#### Data to use

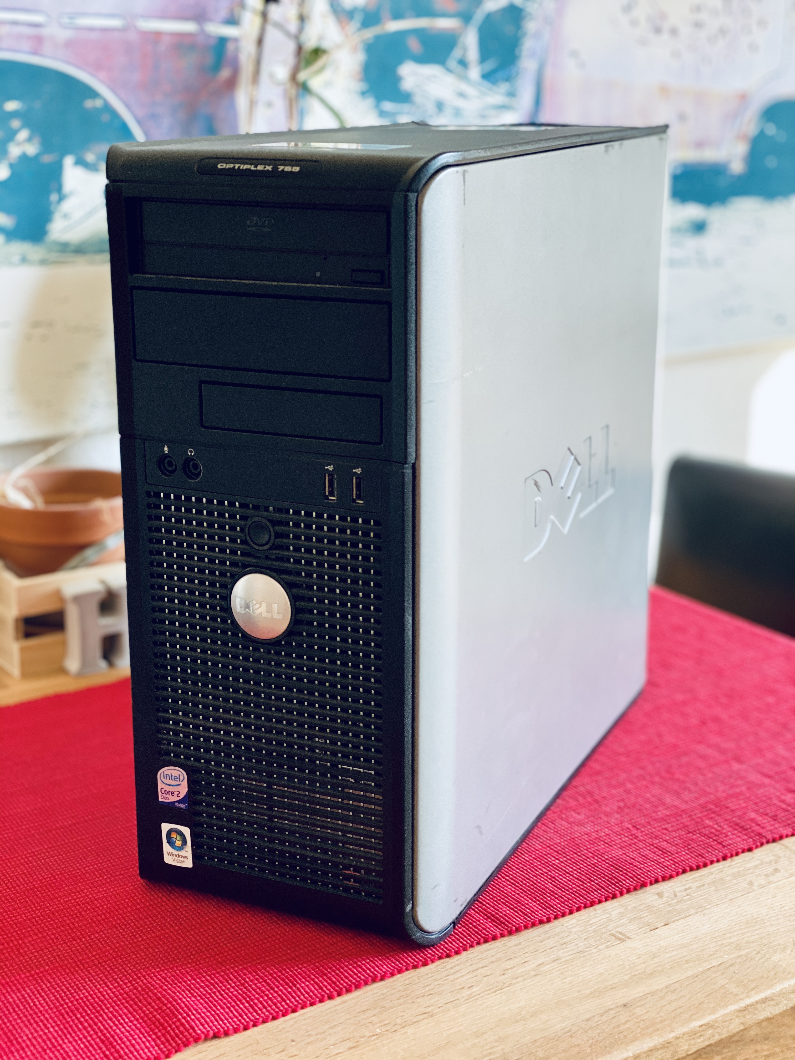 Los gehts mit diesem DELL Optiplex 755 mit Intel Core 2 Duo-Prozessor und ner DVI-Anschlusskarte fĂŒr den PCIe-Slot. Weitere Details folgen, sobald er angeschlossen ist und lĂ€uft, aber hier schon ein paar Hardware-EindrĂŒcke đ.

########
#### Data to use

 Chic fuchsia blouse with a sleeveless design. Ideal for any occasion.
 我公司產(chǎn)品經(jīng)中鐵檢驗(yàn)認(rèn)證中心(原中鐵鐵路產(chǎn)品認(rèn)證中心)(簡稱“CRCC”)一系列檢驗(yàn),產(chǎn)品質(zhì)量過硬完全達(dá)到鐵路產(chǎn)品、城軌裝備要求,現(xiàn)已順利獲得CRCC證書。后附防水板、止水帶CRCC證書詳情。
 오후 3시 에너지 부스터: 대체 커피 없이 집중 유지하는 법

########

▶ Your objective: From the entries above, return exactly the line containing "Chic fuchsia blouse", the line containing "오후 3시 에너지 부스터: 대체 커피 없이 집중 유지하는 법", and all lines between, and nothing else.

▶ Solution below:
 Chic fuchsia blouse with a sleeveless design. Ideal for any occasion.
 我公司產(chǎn)品經(jīng)中鐵檢驗(yàn)認(rèn)證中心(原中鐵鐵路產(chǎn)品認(rèn)證中心)(簡稱“CRCC”)一系列檢驗(yàn),產(chǎn)品質(zhì)量過硬完全達(dá)到鐵路產(chǎn)品、城軌裝備要求,現(xiàn)已順利獲得CRCC證書。后附防水板、止水帶CRCC證書詳情。
 오후 3시 에너지 부스터: 대체 커피 없이 집중 유지하는 법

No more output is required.